IRE1 drives a homeostatic response to reduced protein influx into the endoplasmic reticulum

This study identifies a novel mechanism called TRES (TRanslocon Engagement Surveillance) by which IRE1 senses reduced protein influx into the endoplasmic reticulum via release from unoccupied translocons, triggering a distinct homeostatic response that upregulates the translocation machinery to rebalance ER protein load without activating other UPR branches.

The Gist

The Big Picture: The Cell's "Quality Control" Manager

Imagine your cell is a massive, high-tech factory. Inside this factory, there is a specialized department called the Endoplasmic Reticulum (ER). Think of the ER as the assembly line where proteins (the factory's products) are built and folded into their correct shapes before being shipped out.

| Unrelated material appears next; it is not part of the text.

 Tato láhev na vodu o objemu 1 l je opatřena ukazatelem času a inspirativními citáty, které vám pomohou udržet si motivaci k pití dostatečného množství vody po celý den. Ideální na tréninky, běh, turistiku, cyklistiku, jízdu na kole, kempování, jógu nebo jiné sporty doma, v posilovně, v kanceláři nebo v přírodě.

To keep this factory running smoothly, the cell has a "Quality Control Manager" named IRE1. For a long time, scientists thought IRE1 only had two jobs:

1. The "Overcrowding" Alarm: If too many products pile up and get crumpled (unfolded proteins), IRE1 sounds the alarm to slow down production and hire more workers.
2. The "Leaky Roof" Alarm: If the factory walls (the membrane) get damaged or the wrong materials are used, IRE1 sounds the alarm to fix the structure.

The New Discovery:
This paper reveals that IRE1 actually has a third job that no one knew about. It acts as a "Silence Detector."

The New Mechanism: TRES (Translocon Engagement Surveillance)

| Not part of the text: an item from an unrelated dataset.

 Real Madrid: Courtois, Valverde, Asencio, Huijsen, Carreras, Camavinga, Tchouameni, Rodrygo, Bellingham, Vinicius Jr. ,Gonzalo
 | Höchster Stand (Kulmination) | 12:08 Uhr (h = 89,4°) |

Let's break down the new discovery, which the authors call TRES.

The Analogy: The Empty Train Station

Imagine the ER assembly line is a busy train station.

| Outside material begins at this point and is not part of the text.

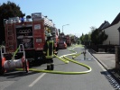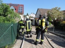 Die Feuerwehren aus Weitersdorf und Roßtal wurden zu einem Kleinbrand in die Weitersdorfer Hauptstraße alarmiert. Bereits auf der Anfahrt war die Rauchentwicklung zu sehen. Beim Eintreffen an der Einsatzstelle stand ein Geräteschuppen in Flammen. Durch die Hitzeentwicklung war ein Fenster des angrenzenden Wohnhauses zersprungen, so dass Rauch in das Gebäude gelangte.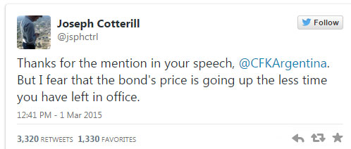Pero el propio periodista inglés le contestó a la Presidenta, a los pocos minutos por la web: "Gracias por la mención en su discurso, @CFKArgentina. Pero me temo que el precio de los bonos va subiendo a medida que a usted le queda menos tiempo para dejar su cargo".

• The Trains: Ribosomes (machines that build proteins).
• The Tracks: The Translocon (the doorway proteins use to enter the ER).
• The Station Master: IRE1.

Normally, the Station Master (IRE1) stands next to the tracks, holding hands with the trains as they arrive. As long as the trains are constantly arriving and docking, the Station Master is busy and calm. He knows everything is running smoothly.

What happens when production stops?
Imagine a sudden strike or a power outage. The trains stop coming. The tracks become empty.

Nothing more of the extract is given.